Beneficial effect of a CXCR4 agonist in murine models of systemic inflammation

Hongkuan Fan  1 Donald WongSarah H AshtonKeith T BorgPerry V HalushkaJames A Cook
Affiliations

Beneficial effect of a CXCR4 agonist in murine models of systemic inflammation

Hongkuan Fan et al. Inflammation. 2012 Feb.

Abstract

The chemokine CXC receptor 4 (CXCR4) is activated by stromal cell-derived factor (SDF-1α). CXCR4 may be part of a lipopolysaccharide (LPS) sensing co-clustering complex that modulates TLR4 activation and evidence suggest that SDF-1α can activate anti-inflammatory signaling pathways and suppress inflammation. In the present study we examined the hypothesis that the SDF-1α peptide analog and CXCR4 agonist CTCE-0214 is anti-inflammatory in three distinct models of murine systemic inflammation.

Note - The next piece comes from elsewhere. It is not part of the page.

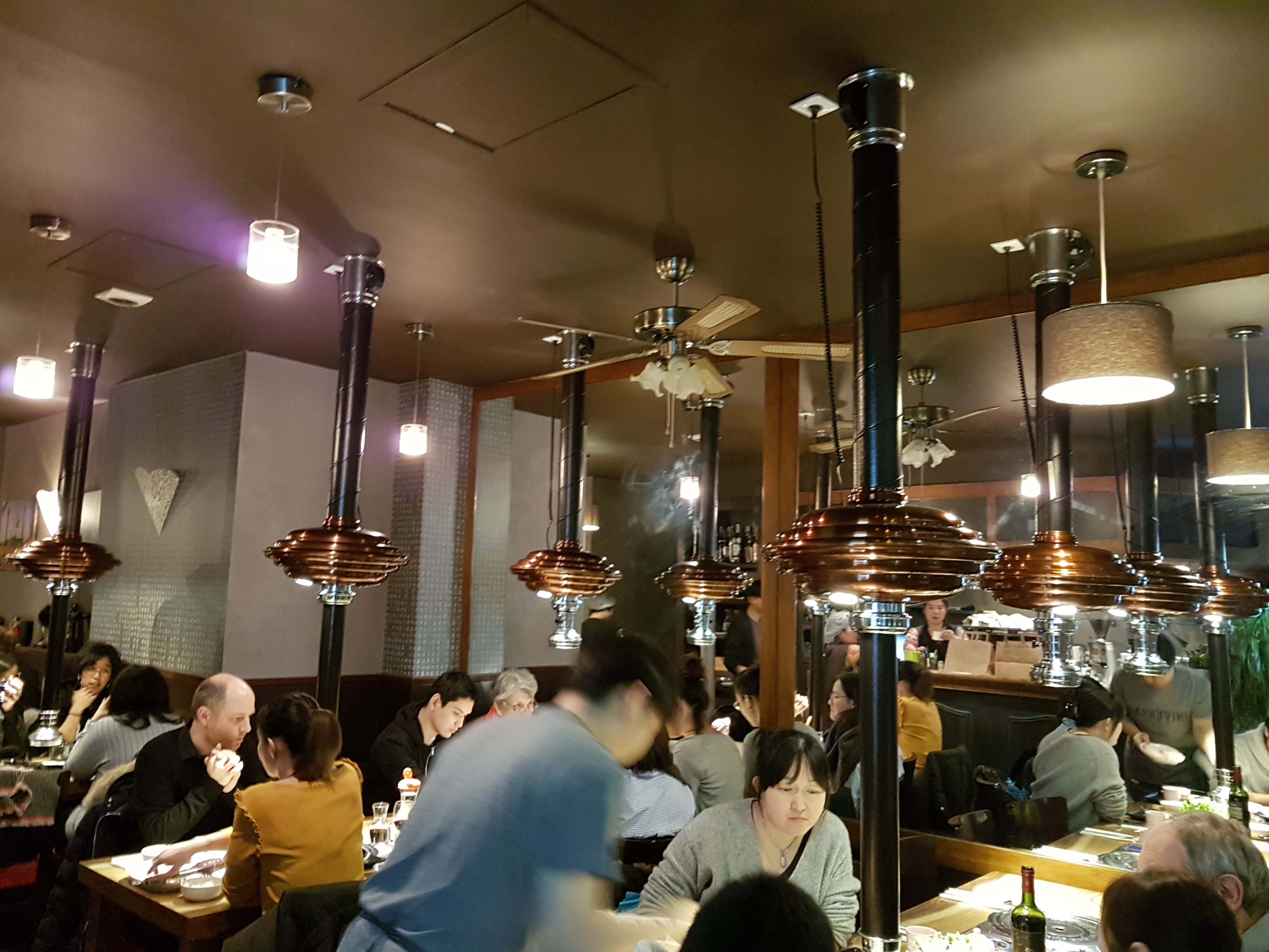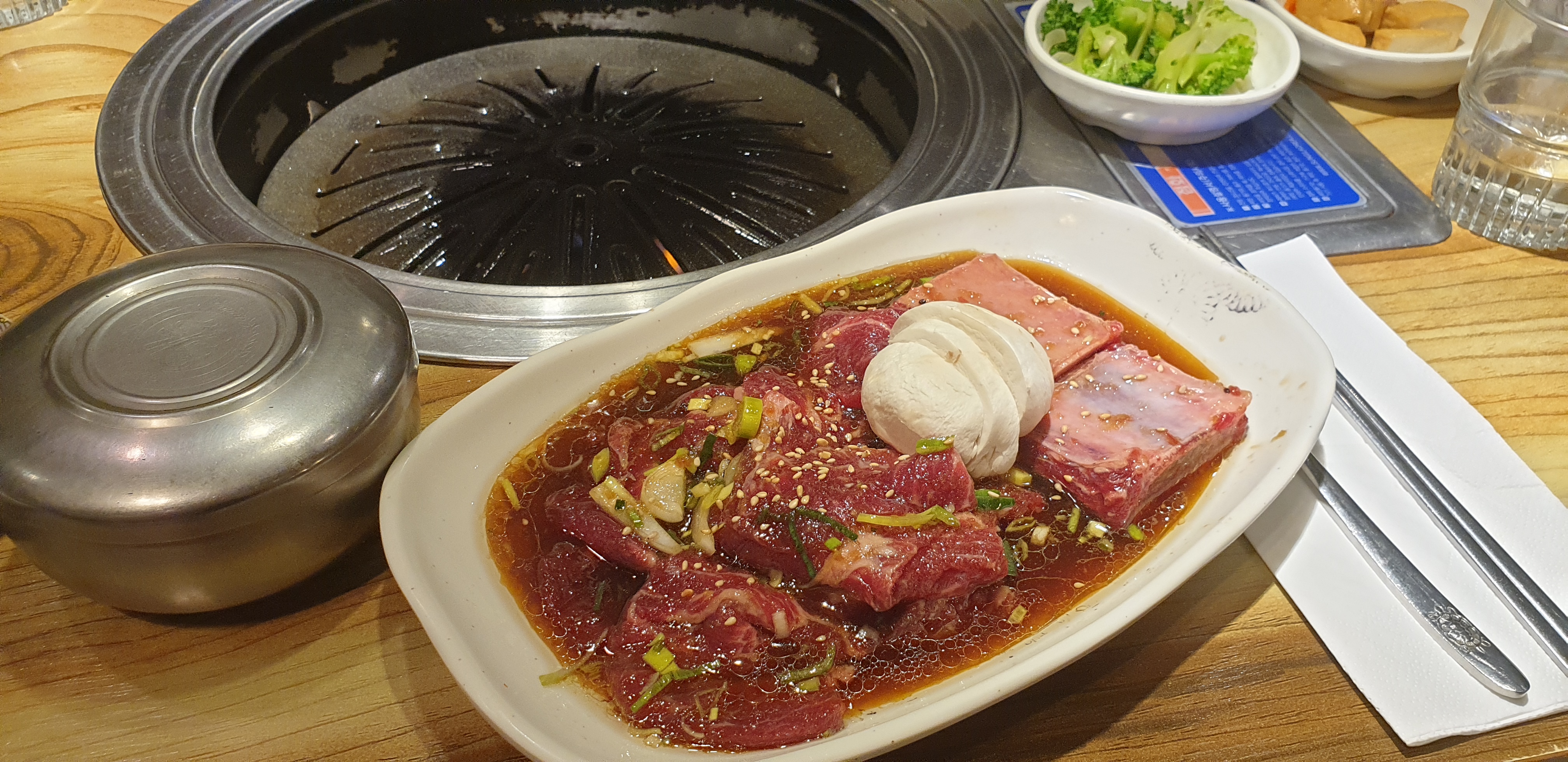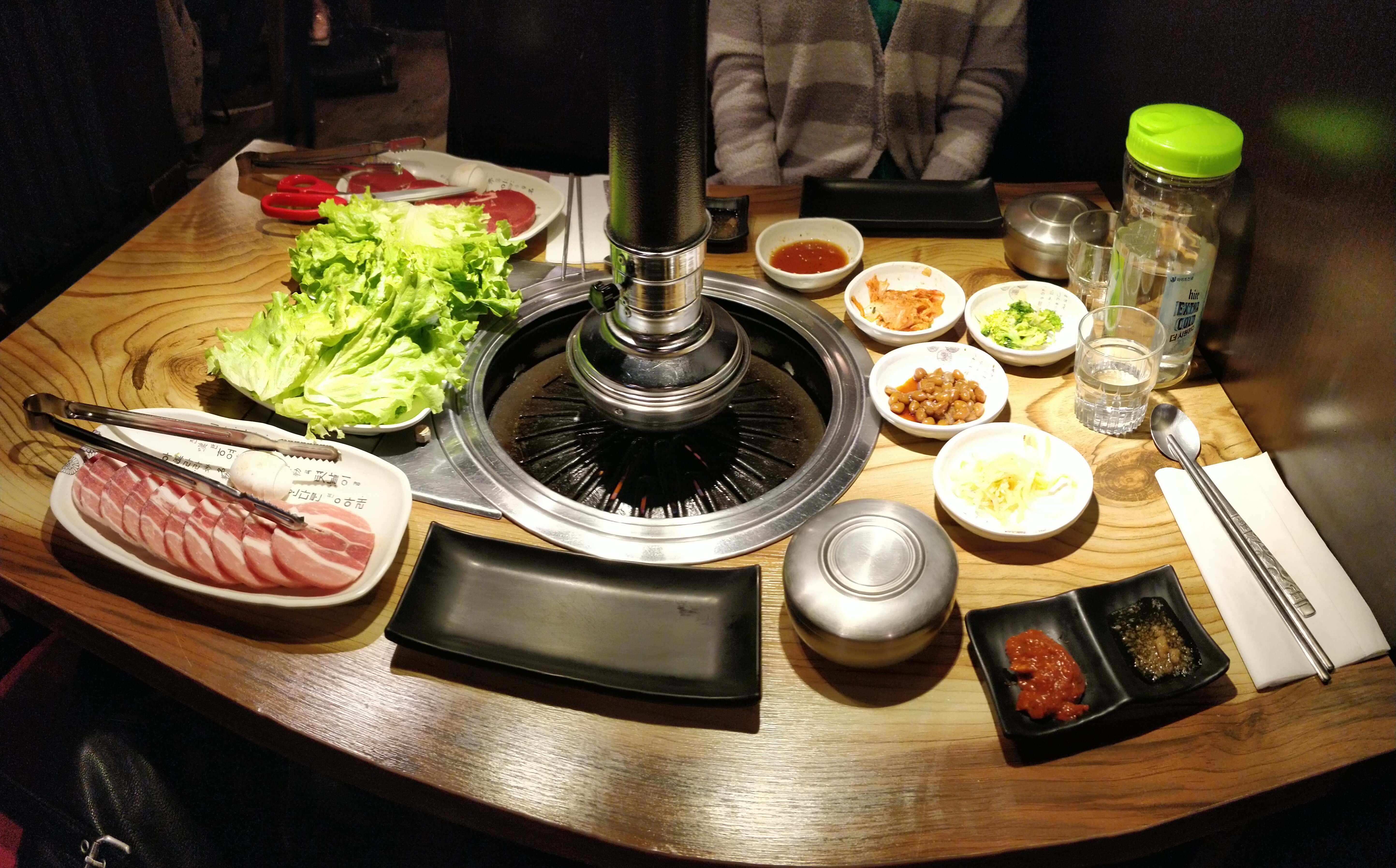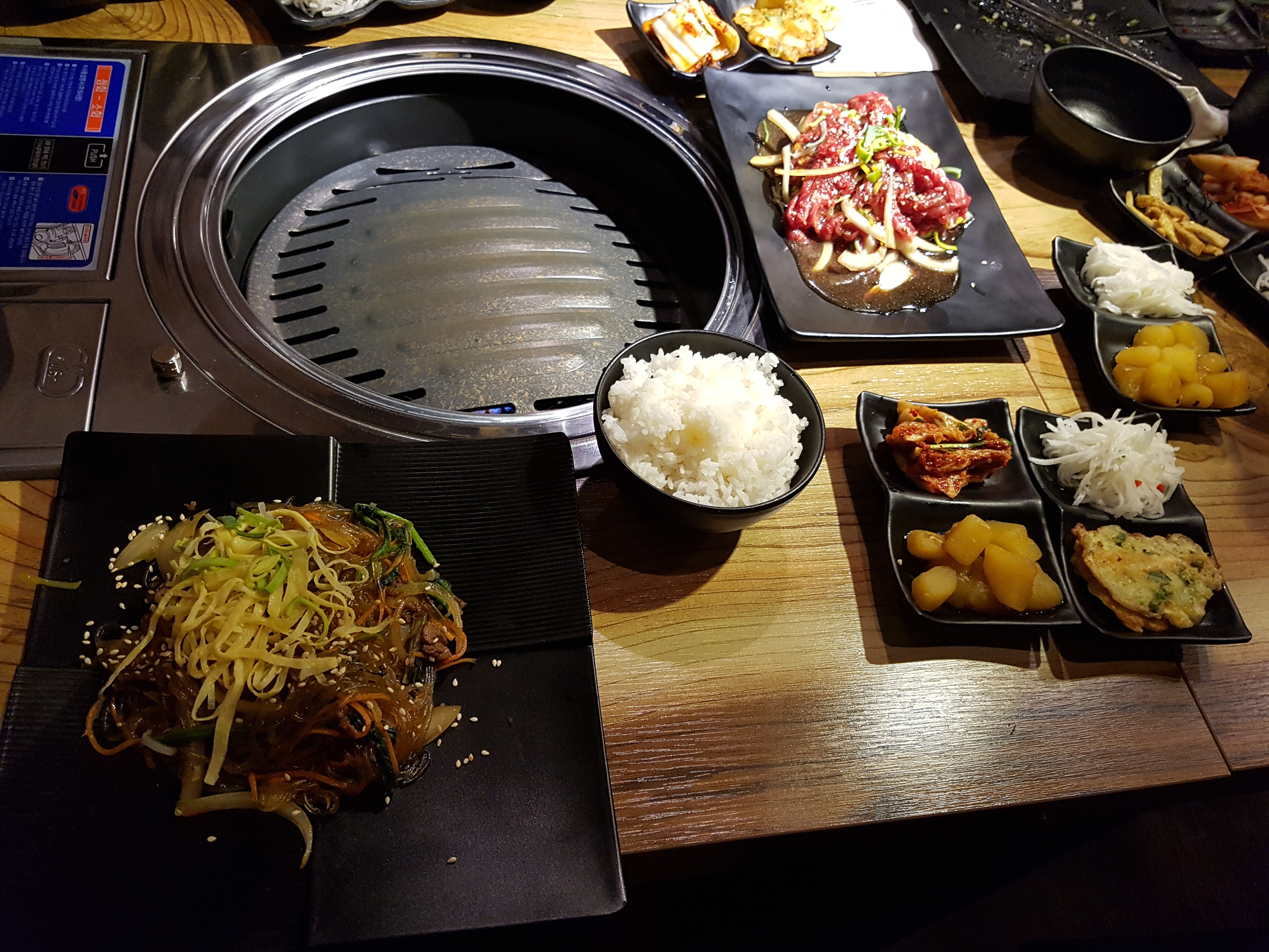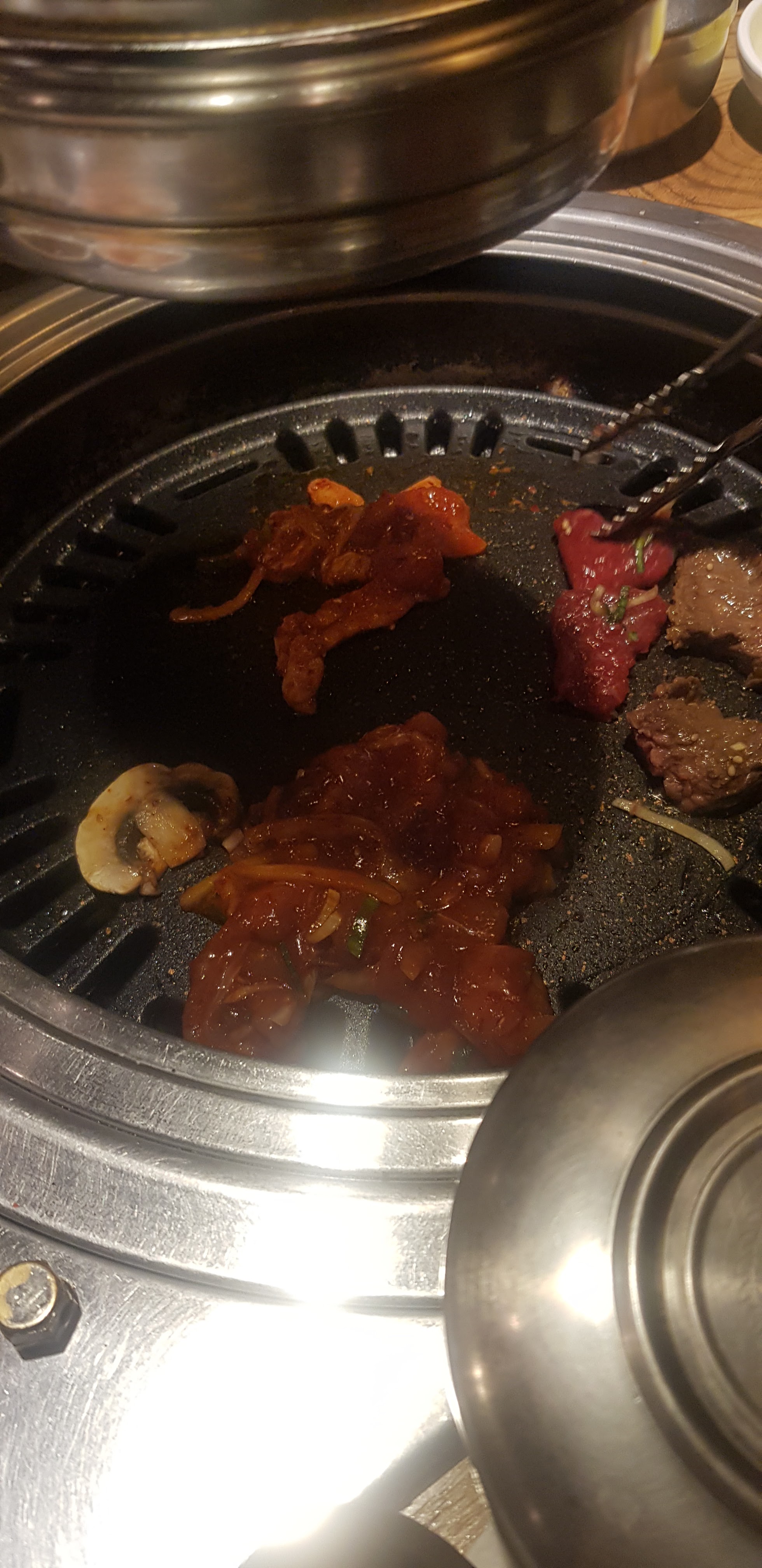 Ambiance sympa et un grill par table. Il y a une hotte, ce qui est super pour l'odeur. On n'a pas eu à attendre trop longtemps pour une table. On a pris barbecue avec ma soeur. J'ai pris porc et ma soeur boeuf. Les morceaux de porc qu'on m'a apporté était encore congelés, et étaient assez étrangement découpés. En grillant, la viande s'est séparée bizarrement et le porc n'avait pas beaucoup de goût. Le bœuf était congelé aussi et la qualité pas super. Heureusement il y avait des plats d'accompagnements assez bon, et du riz. Le prix du bbq était acceptable, environ 18euros. Mais pour la qualité de la viande, je trouvais ça cher.

Our findings demonstrate that CTCE-0214 in vivo significantly suppressed plasma tumor necrosis factor alpha (TNF-α) increases in acute endotoxemia and following zymosan-induced multiple organ dysfunction syndrome (MODS). In both models, CTCE-0214 did not suppress plasma increases in the anti-inflammatory cytokine interleukin (IL)-10. CTCE-0214 improved survival without antibiotics in a model of severe sepsis induced by cecal ligation and puncture (CLP). CTCE-0214 also decreased plasma increases in IL-6 but not TNF-α and IL-10 in response to CLP-induced inflammation. We demonstrated in a moderately severe model of CLP (one puncture) that IL-6 levels at 24 h were similar to sham controls. However in severe CLP (two punctures) plasma IL-6 levels were markedly elevated. Plasma SDF-1α levels varied inversely with the plasma IL-6. In addition to the beneficial effect of CTCE-0214 in these models of systemic inflammation in vivo, we also demonstrated that the analog dose dependently suppressed LPS-induced IL-6 production in bone marrow-derived macrophages. CTCE-0214 therefore may be beneficial in controlling inflammation sepsis and systemic inflammatory syndromes.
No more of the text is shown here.